Mobile phones are a staple to many professionals these days. They can be a powerful tool to connect employees with their work, their families, and their co-workers. But they can also be a distraction if used improperly. Therefore, you might be considering whether your company should allow mobile use in the workplace. Based on the type of work you do and the needs of your employees, your mobile use policy should strike a balance between trust and creating a safe work environment. Today’s article walks through a few different options available to you when considering your mobile use policy.

Flexible Use Policies

Many employers recognize that their employees enjoy having access to their mobile devices in case of emergency and to stay in contact with co-workers and family while on the job. Some companies even go so far as to providing a “work phone” or subsidizing a mobile device for staff to use on the job. These employers show their trust in their employees through a flexible use policy when it comes to mobile devices. However, in order to keep these devices from becoming a distraction, improper use of mobile devices is addressed on a case-by-case basis. The key is to make sure that your expectations regarding when and how employees are allowed to use their phones are communicated clearly, so that when enforcement becomes necessary, you have the policy on hand to support any required disciplinary actions.

Limited Use Policies

Another common option for many employers is a limited use policy when it comes to overseeing mobile device use in the workplace. If you want to reduce distraction on the job, consider limiting mobile phone use to personal time during lunch and breaks. This allows employees to have access to their phones on their own time, while still reducing risk of mistakes or distraction on the job.

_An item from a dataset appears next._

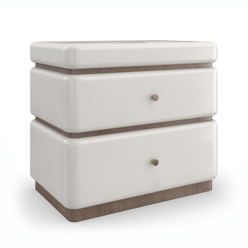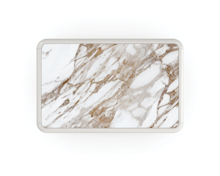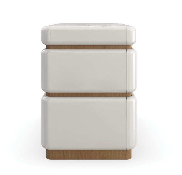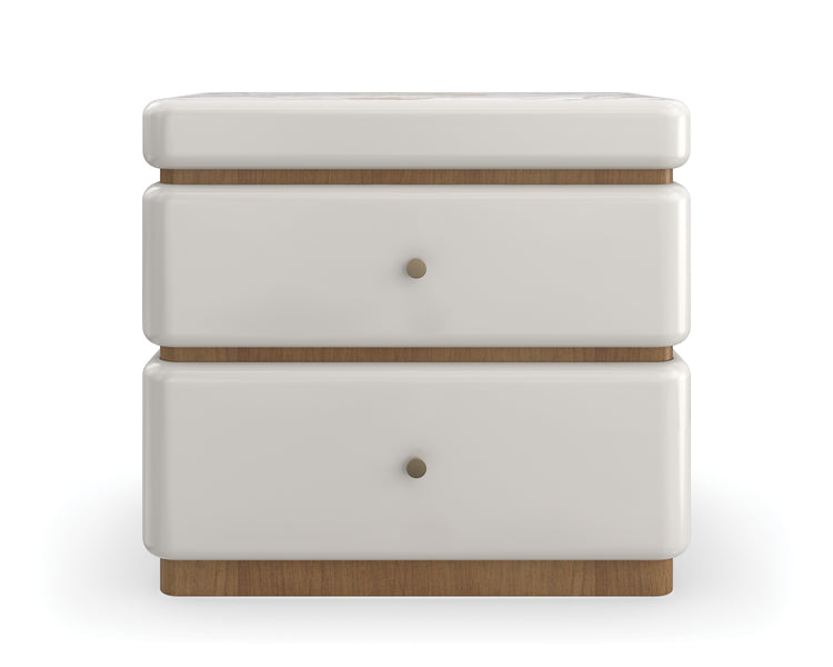Architektonisch mit sanften Kurven und abgerundeten Kanten erinnert dieser moderne Nachttisch an die zeitlose Schönheit von Küstenvillen im Mittelmeer. Einfache, gestapelte Formen sind in Toasted Pecan eingefasst, während die Calcutta Oro-Marmoroberfläche ein luxuriöses, aber strapazierfähiges Designdetail bietet. Er verfügt über zwei sanft schließende Schubladen, in denen Sie Nachttischlektüre und wichtige Dinge ordentlich verstauen können. Passt perfekt zu unserem Malta gepolsterten Bett. Calcutta Oro Marmoroberfläche. Oberseite, Seiten und Schubladenfronten in Almond Milk. Holzverkleidung in Toasted Pecan. Zwei Schubladen mit sanften Schließmechanismen. Innenfarbe in Almond Milk.

This type of policy requires monitoring and enforcement on your part to make sure that staff are not using their devices unnecessarily. But enforcement doesn’t need to be strict enough to harm staff morale. Sometimes, for example, a simple reminder of corporate policy is all that is needed to bring an employee back into compliance with a limited use mobile policy. Clear communication of expectations and rules is also very important. If the rules are reasonable and based in logic, employees will understand and do their best to follow the rules in regards to future use.

Restricted Use Policies

A no-tolerance policy against mobile devices may sound harsh, but there are a number of situations and work environments where employers need to reduce distraction in order to maintain a safe and effective workplace. If the use of a mobile device is in anyway hazardous to your employees, then a no-tolerance policy is the way to go. Safety or security risks that mobile devices can impose are another aspect to consider. These examples all are supportable and understandable reasons to take a hard line against mobile device use on the job.